I shudder to think of where they have gone…and remember why I left my life behind to be here in what in western eyes is being called a war zone…to me its just home.

Contrary to what is reported in the west, the national army and police have taken over security in the capital, in fact they have it on lock.
NATO has moved to the outskirts and the Afghans have moved in.
Check point after checkpoint cars are scrutinized and searched, still, despite the redevelopment that has occurred there are constant reminders of the politics that have hindered true independence.
Despite all the strides Afghanistan has made towards peace and development each armed guard, tank and government militia is a reminder of the dangers that remain, dangers that threaten the lives of millions of homeless children across this country.

Sure the façade of war is slowly fading, but please don’t mistake this for progress.
No, no, we haven’t gone from third world to second world.
No, we have gone from an all out open war zone to a nauseatingly impoverished society desperate for development, hope and change.

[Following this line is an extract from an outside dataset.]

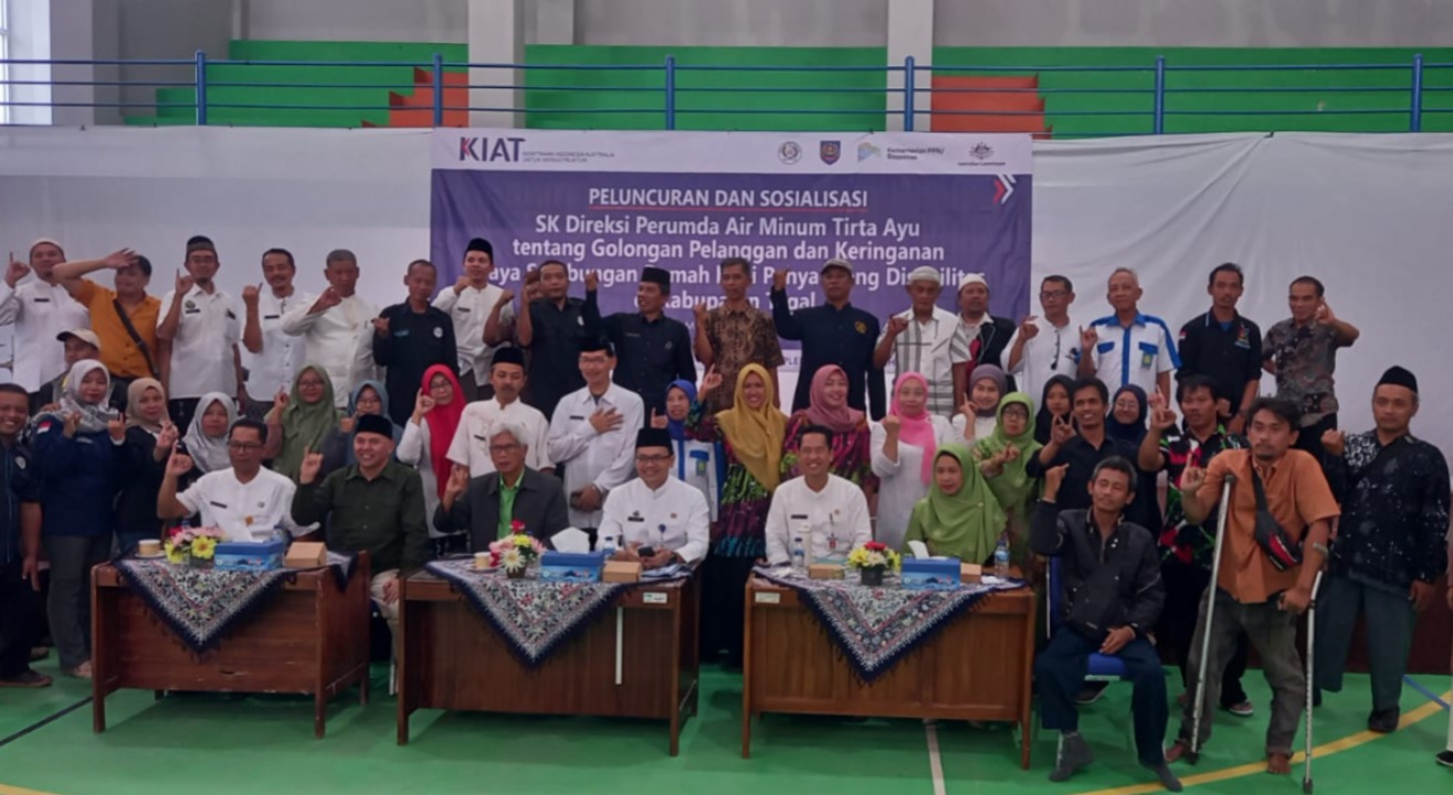“Dikeluarkannya SK Perumda Air Minum Tirta Ayu Kabupaten Tegal menjadi bagian dari fasilitasi pemerintah daerah kepada penyandang disabilitas untuk mempermudah dan meringankan akses terhadap air bersih. Diharapkan dengan fasilitasi ini penyandang disabilitas mendapatkan kemudahan dalam akses air bersih yang layak”, terangnya.

I am reminded of this each time I step out of my post-soviet built projects and see children sleeping in the mud and refuse that most wouldn’t even allow their dogs to sleep in.
I am reminded of this each time I hear kids banging at my door begging for food.
I am reminded of how desperate my people are when I see grown men who should be war heroes bow their heads in shame as they beg for spare change to feed their families wasting away by the wayside.
I am reminded of this each time I see delicate little girls trudging barefoot through the snow.
I am reminded of this each time I step outside and see young boys working as welders and carpenters when they should be in school…
I wonder how these welders and beggars will move this fragile society forward when they lack even the most fundamental human rights; like education, health, and security…are they not the future of this country?
Is the fate of this country not linked to my comfortable life back in the states?

Walking the dusty streets of Kabul my heart breaks 10 times a day and I remember why I am here.